Bless her, I can understand her feelings. I felt rough for a few days until it developed into intense pain and fever. My partner pretty much dragged me to the ER where they discovered burst intestines due to diverticulitis; the surgeon said I had about 70 more infections throughout my system than he had ever seen before. My partner saved my life, as I was completely out of it and unaware of the passage of time. Of course, I, too, woke up with a colostomy.
Between the fever, the sickness, the op, and pain meds, I can't say I remember much...and what I do remember is confused with some hallucinations. The following months were surreal, two weeks in ICU, a month of recovery at home, back to work, back into the hospital for a reversal, another incident in the hospital that resulted in an ileostomy, more recovery, finally a reversal of the ileostomy, more recovery...and now back to my new "normal".
During all this, there was always something to be done; PT, learning to take care of my stoma, dealing with travel, getting back to work. But as I tried to return to a routine, I found myself uninterested in most things, constantly tired, and without motivation. In a word, depressed. Doing a little online research, I discovered that depression after major surgery is common. Anesthesia is essentially a controlled, reversible coma; much like a reboot when they wake you up and it can cause some synapses in the brain to not refire in the same way for a while. Add to that the invasion to the body of surgery which is traumatizing, both physically and mentally. Then there's the pain and discomfort, a lack of mobility, and increased dependency on others. Quite a cocktail of issues to deal with!

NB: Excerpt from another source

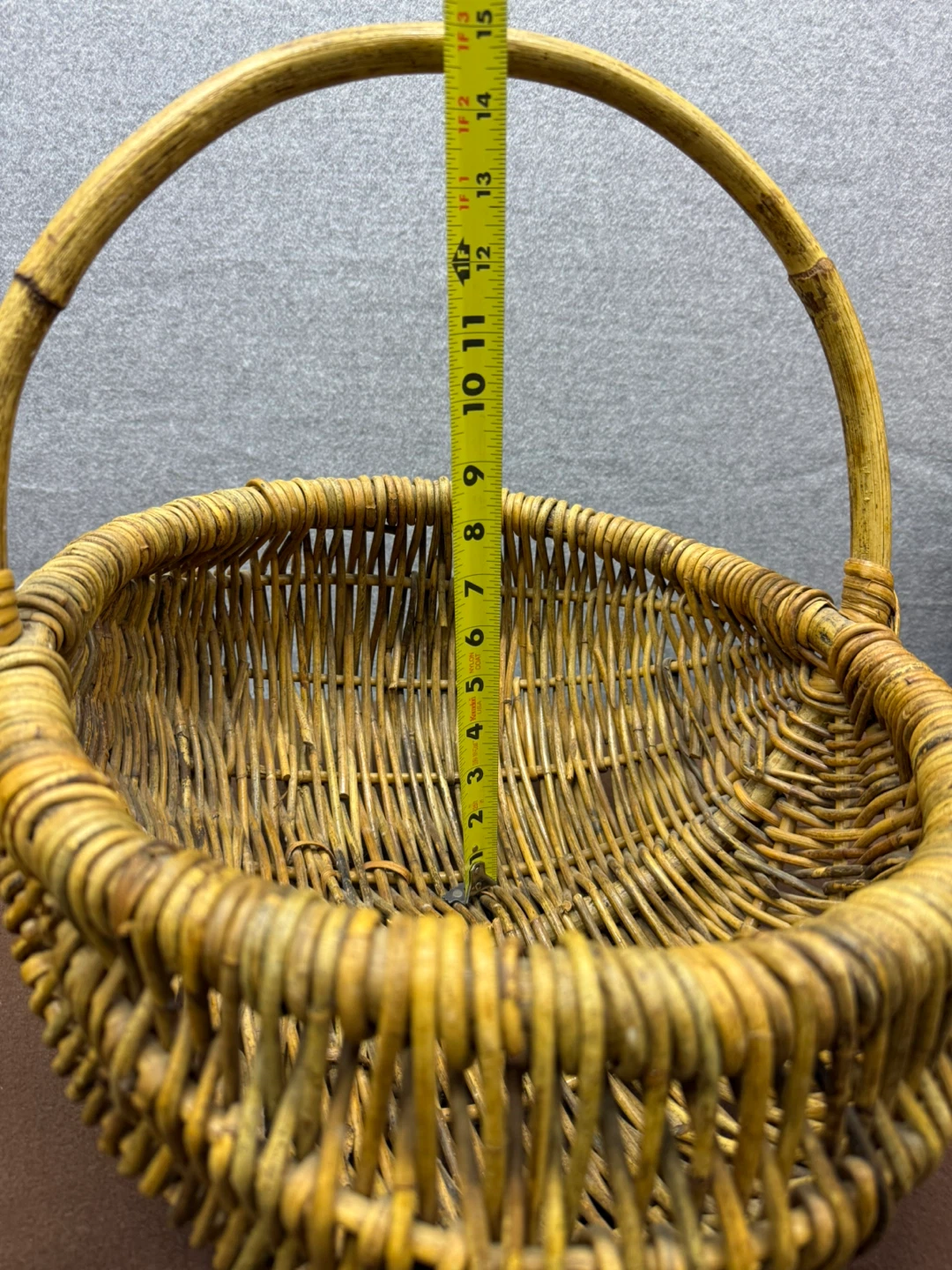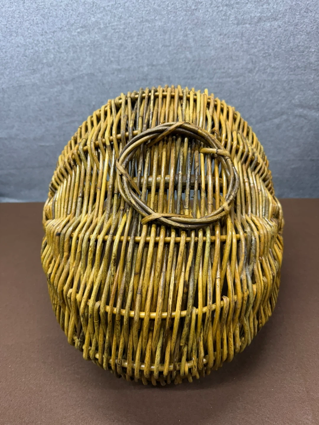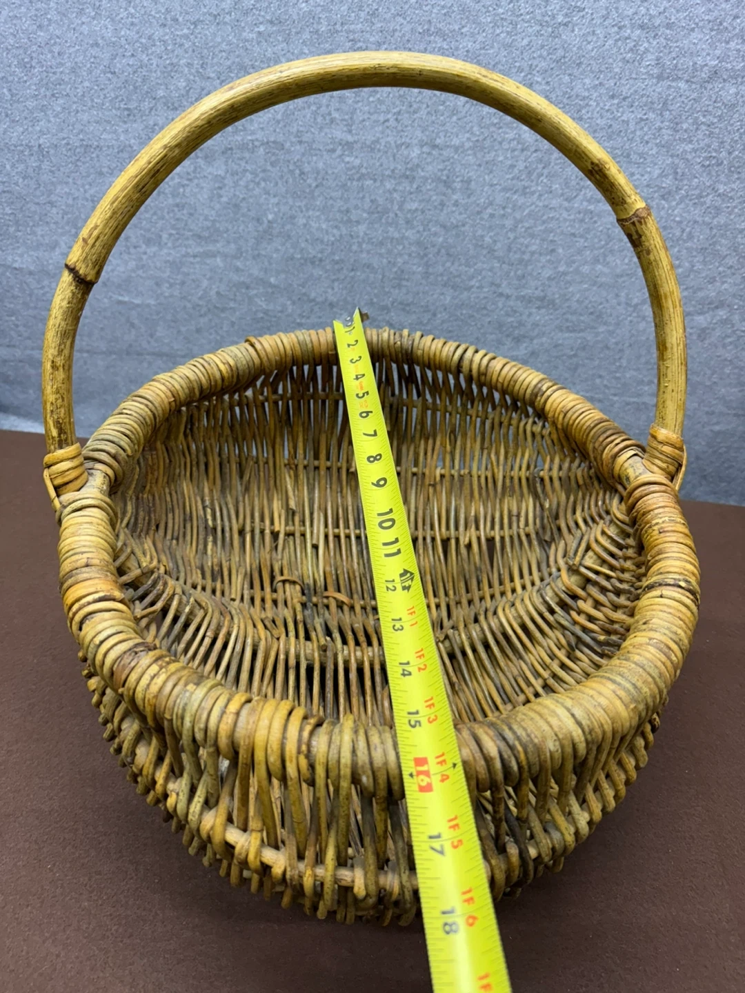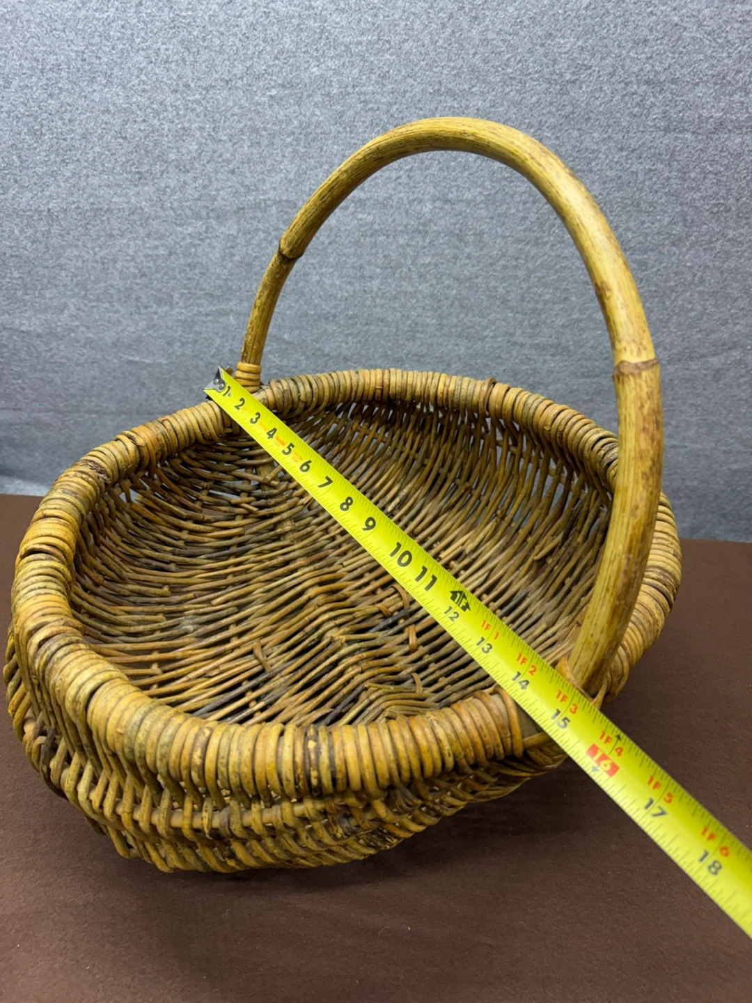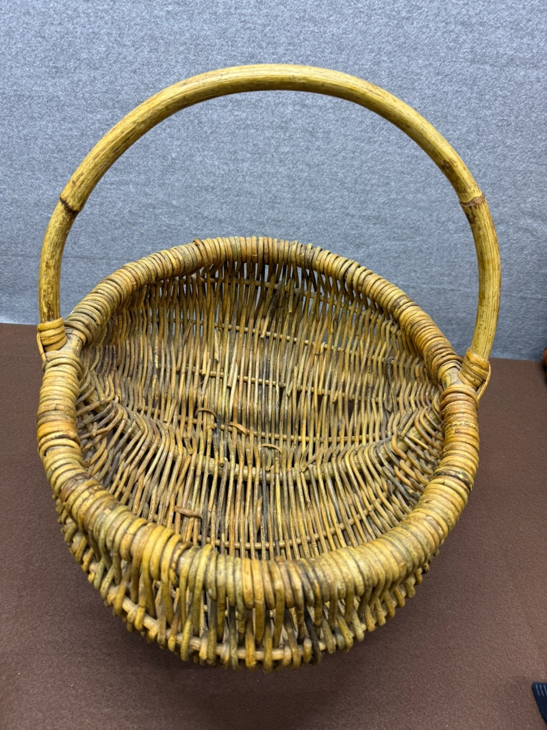 Vintage handwoven wicker gathering basket with continuous handle.

Having a bit of your internal organs hanging out your side and having to deal with a bag full of excrement is bound to make anyone question their body image and self-esteem. Even in the hospital, my partner would help me to the toilet; when I came home, he would empty my bag (he did draw the line at dealing with my surgical wounds, but I was fortunate to have a home wound nurse). One day early on, I just blurted out, "we're never going to have sex again, are we!" It took me months to even cuddle with him again, and that lack of touch when it has been so much a part of your life had to have contributed to my feelings of despair. Of course, she's in a bad place, she's vulnerable, scared, and probably wonders (as we all have) if this will change people's attitudes toward her. And how she regards herself.
I approached it like an alcoholic: one day at a time. I will say that finding out that depression was to be expected improved my mental health as I learned it wasn't entirely my failing. It was also a great help to admit to my son and my partner that I felt depressed, so I could put my energies into overcoming it rather than hiding it with a brave face. Encourage her to talk and let her talk; everything doesn't have to relate to what you (or I) went through as her situation is unique.
You don't say what kind of insurance she has, or if she has insurance. With all that's on your sister and her husband's plate right now, perhaps you could call her insurance company and see if there's some home nursing included. Both times, my wound nurse helped and taught me about stoma care. Perhaps you could research services that would be able to offer an ostomy nurse, even if it's just an hour a week to help them with progress.
You could also order a range of samples in her name, to find out what products are most comfortable and effective for her. That way, you also get lots of sets of instructions to learn more. Ordering and acquiring supplies was stressful in the early days, fearful that I would run out! It's a worry you can bear for them.
Is her colostomy reversible? That also impacts one's attitude toward it --- for better or worse.
I'll be a year since my emergency surgery on June 4; what a long, strange trip it's been!
And your sister is still at the beginning. Listen to her.
Love to you and wishes for the very best of luck along the way.